Thursday, February 25, 2010

Being Right

I will admit that I like to be right; I like the superior feeling I get from knowing I'm better than you. The trouble comes when I meet someone more right than me or someone who is right in a way I used to be. And the older I get, the more people I meet who indeed seem at least as "right" as I am and often, even more right.

Confronted repeatedly with this evidence, I spend many hours, like as I am trying to go to sleep or when I am driving alone in the car, puzzling out how I can be right and someone else can be right and we are not doing things at all the same. How can I be right to use a homeschool curriculum and my unschooling friends be right in their fluid days?
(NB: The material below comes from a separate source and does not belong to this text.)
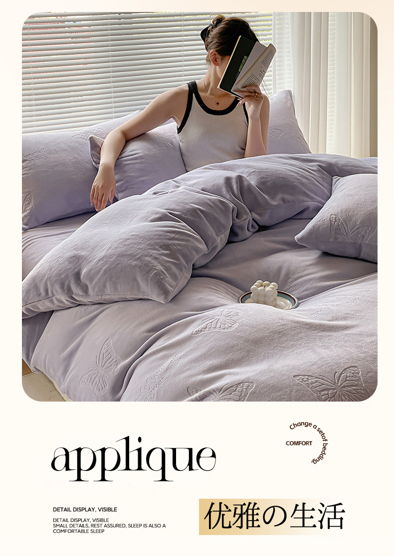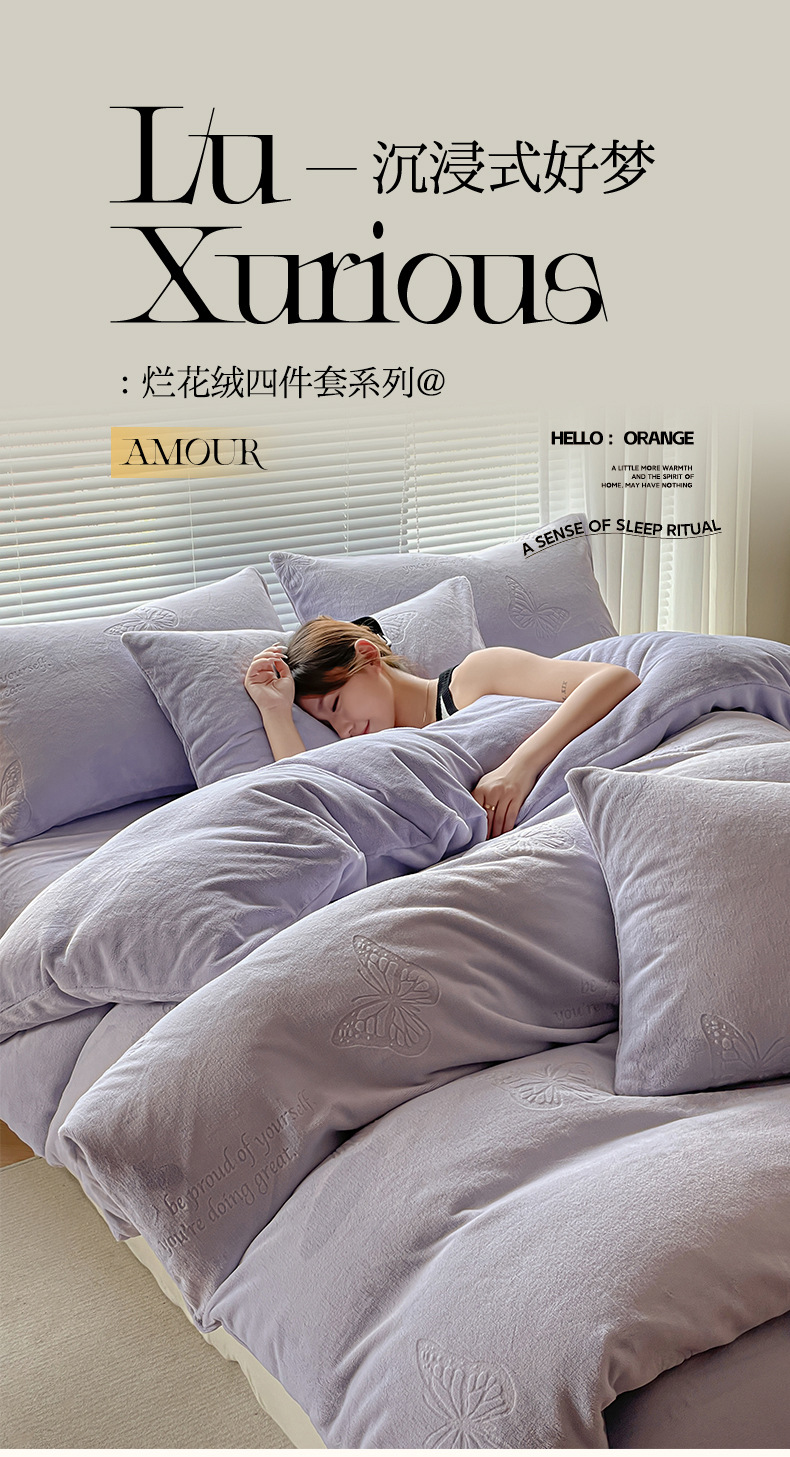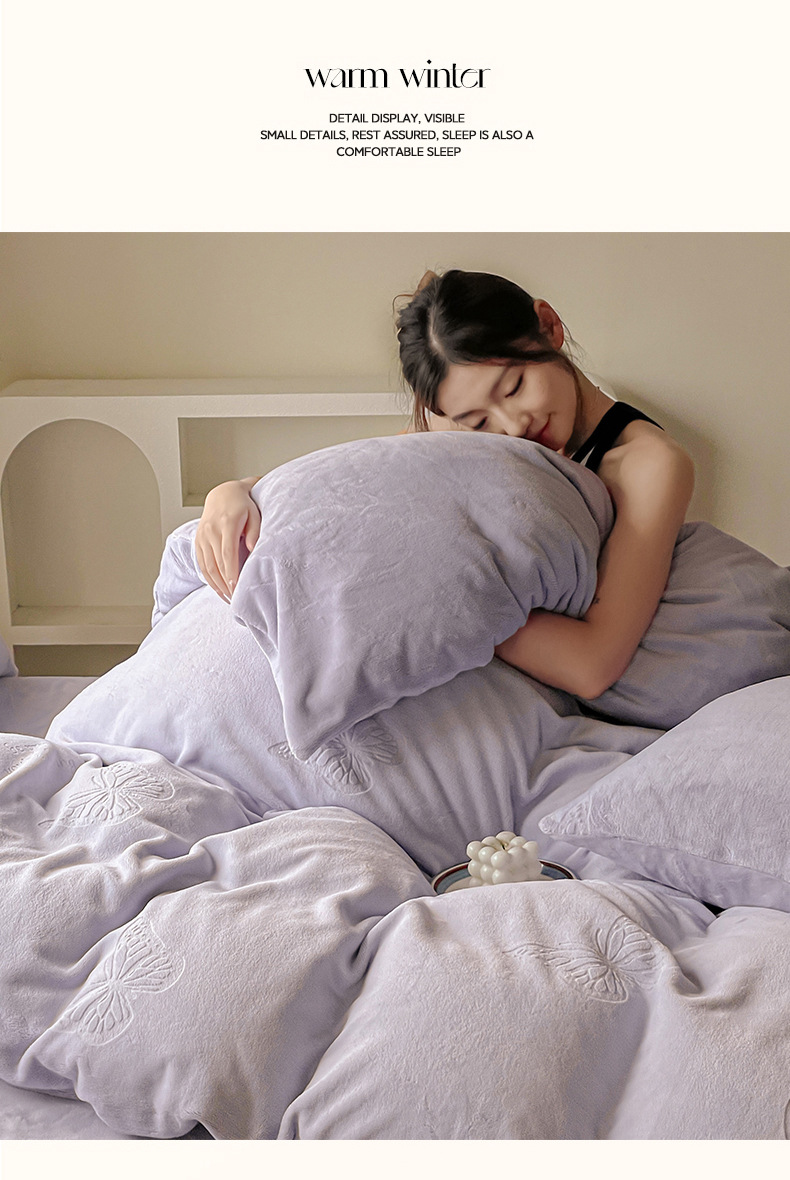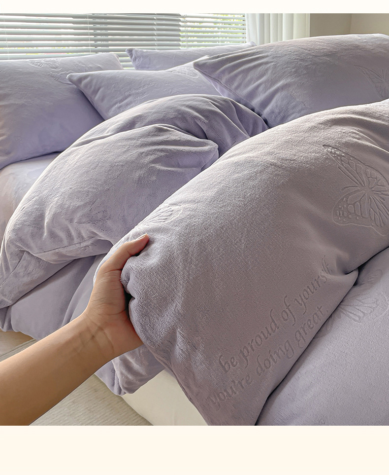 Espesado tallado leche de lana de cuatro piezas set invierno doble edredón cubierta sábanas de lana de coral cama de cama de cama calentamiento

How can I reasonably argue that I'm right to feed my pets a raw diet when the pets of my childhood ate really cheap kibble and lived to their dotage? How can I be as uptight as I am about food and not strive to be as uptight as my even more uptight friends? If they are more right, why am I not trying to do the same thing they're doing? How can my very amorphous beliefs regarding god and the universe seem so very right when so many people I love might fret over my salvation? How can I commit myself so entirely to homeschooling in the face of my quite strong belief that it almost doesn't matter how school happens? How can I claim any superiority?
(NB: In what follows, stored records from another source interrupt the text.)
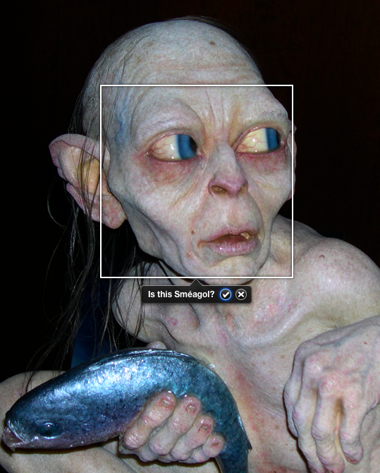 Sméagol February 01, 2009 The new iPhoto face recognition feature is a little too good. :) Comment · ∞ Permalink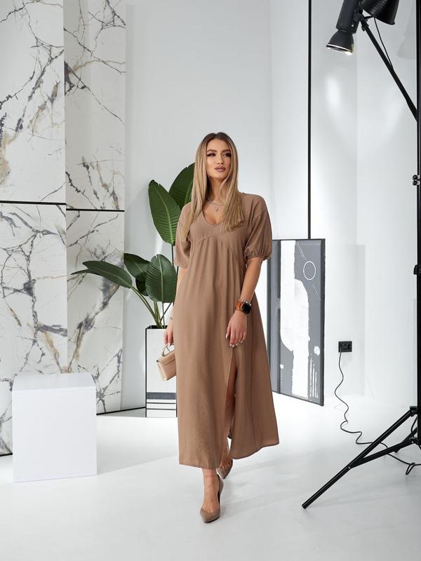 Красива натуральна сукня🌸 як на кожен день під кеди, так і під каблук і на якусь подію🥰 🔥Новинка 🔥 Сукня Модель 812 🔸Тканина: класна люкс»жатка-льон « Сукня міді з легкої тканини жатка-льон. Модель з рукавом -ліхтариком та ефектним v- образним вирізом на грудях, також є розріз на нозі, який підкреслює красу ніг .Розкльошоний крой спідниці, створює романтичний і легкій настрій. Під дану сукню підійде різне взуття! 🔸Розміри: 42-44,46-48 🔸Колір: бежевий , блакитний, малина, мокко, чорний 🔸Ціна: 755 грн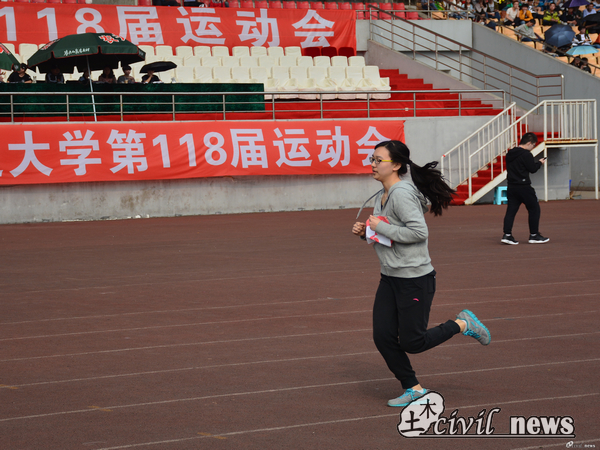 九时三十分,比赛正式开始。首先进行的是女子四百米的决赛,随着发令员的一声枪响,运动员们都向前方全力跑去。四百米是个对速度和耐力双重考验的项目,进入最后一百米后,有些选手脸上流露着痛苦的表情,但还是坚持着奔向了终点。在这个项目中,来自土木学院的女将们取得了不错的成绩。女子八百米项目中,来自一六级土木学院的胡继丹取得了第五名的好成绩,其他选手也都赛出了佳绩。她们用自己的成绩,诠释了土木人的拼搏精神和顽强不屈。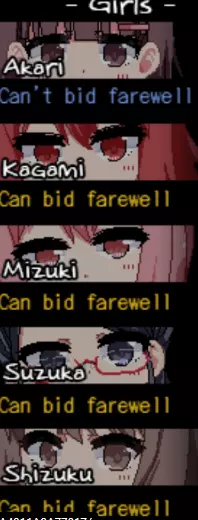 闪耀礼盒 - 增加20点羁绊值, 《超级放纵》杂志 - 赠送30点警觉等级,MP+50, 免作业证书 - 允许跳过特定迷你游戏。闪耀礼盒和免作业证书是你真正需要的。如果送给女孩闪耀礼盒,她当前的羁绊等级会一次性自动提升。免做任务证书可以让你跳过家庭作业、田径赛跑、寻宝活动和门科战斗。所以,如果你难以完成某些事情,免做任务证书或许就是你正在寻找的答案。 结局 每个结局本质上都是一张带有某种文字的女孩照片。如果你将女孩的好感度提升到100级并完成与好感度100级相关的事件,就能解锁她的结局。你需要从由依、莉绪和美雪之中选择一人。你所选的女孩会交给你一个信封。如果你解锁了三人行或四人行的场景,就会获得这张照片,没有选择的余地。 如果你解锁了其他女孩中的一人,你的母亲会问你:“你做了所有想做的事吗?”如果您回答“暂不”,系统会为您提供与她们告别的机会。您可以与所有已解锁的其他女孩告别。在右侧列表中,您可以查看哪些女孩已解锁(可告别),哪些未解锁(不可告别)。要与她们告别,您需要走向她们并进行对话。告别之后,请回家以完成游戏。游戏将通过您的图片库自动启动,之后您就可以打开女孩给您的信封了。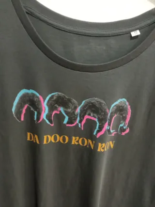Camiseta de manga corta para mujer - Algodón orgánico - Tejido preencogido - Estampado Da Doo Ron Ron (The Crystals) en la parte delantera (dtg) - Cuello redondo. - Corte suelto medium fit - Alto: 62cm - Ancho: 42cm
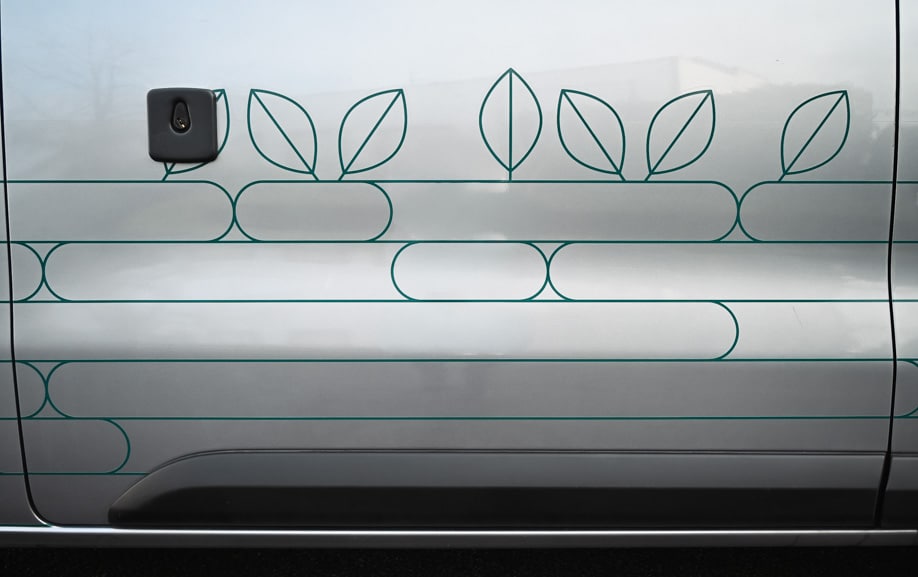Les éléments graphiques ont été produits sur des adhésifs professionnels sélectionnés pour leur tenue dans le temps. Ce choix technique assure une résistance adaptée aux contraintes rencontrées sur le terrain : exposition aux UV, variations climatiques, lavages réguliers et manipulations fréquentes autour du véhicule. Les découpes ont été réalisées avec précision afin d’éviter toute tension inutile sur les zones sensibles de la carrosserie.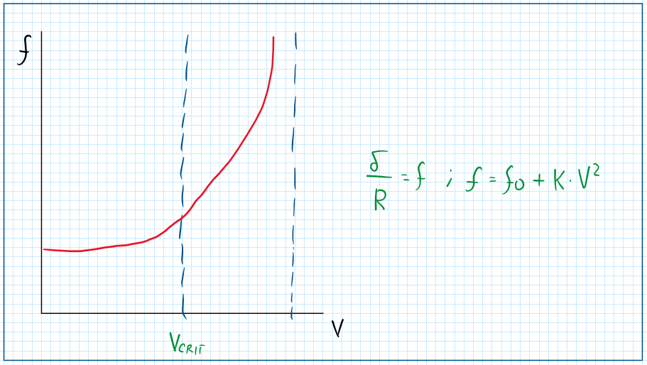 In general the parameter f has a value about 0.01 for asphalt or concrete surfaces . However this parameter is not constant and varies proportionally to the square of the velocity and the rate of increase is given by the coefficient K. Observing the graph, the increase occurs almost linearly until a point, which due to an error, the F increases abnormally. This point is given by the critical velocity, Vcrit. Therefore the tire operation can only be made under the speed limit (Vcrit), beyond this vibrations and waves propagates over the tire contact patch until a collapse.

The Truth, as I see it, is I cannot.

I can only live in my skin and make decisions from behind my own eyes. And while I love to hear how other people do things and how they got to that point, it does not mean it will change my mind. I also love to talk about how I got to where I am in my thinking and doing, but I've given up on claiming I know what I'm doing. I try to serve my opinions with a heavy dose of my own doubt. I love the saying, "Your mileage may vary," because it's so complete. It helps me remember how much nicer life is when I am not superior, when I am just open to what comes my way.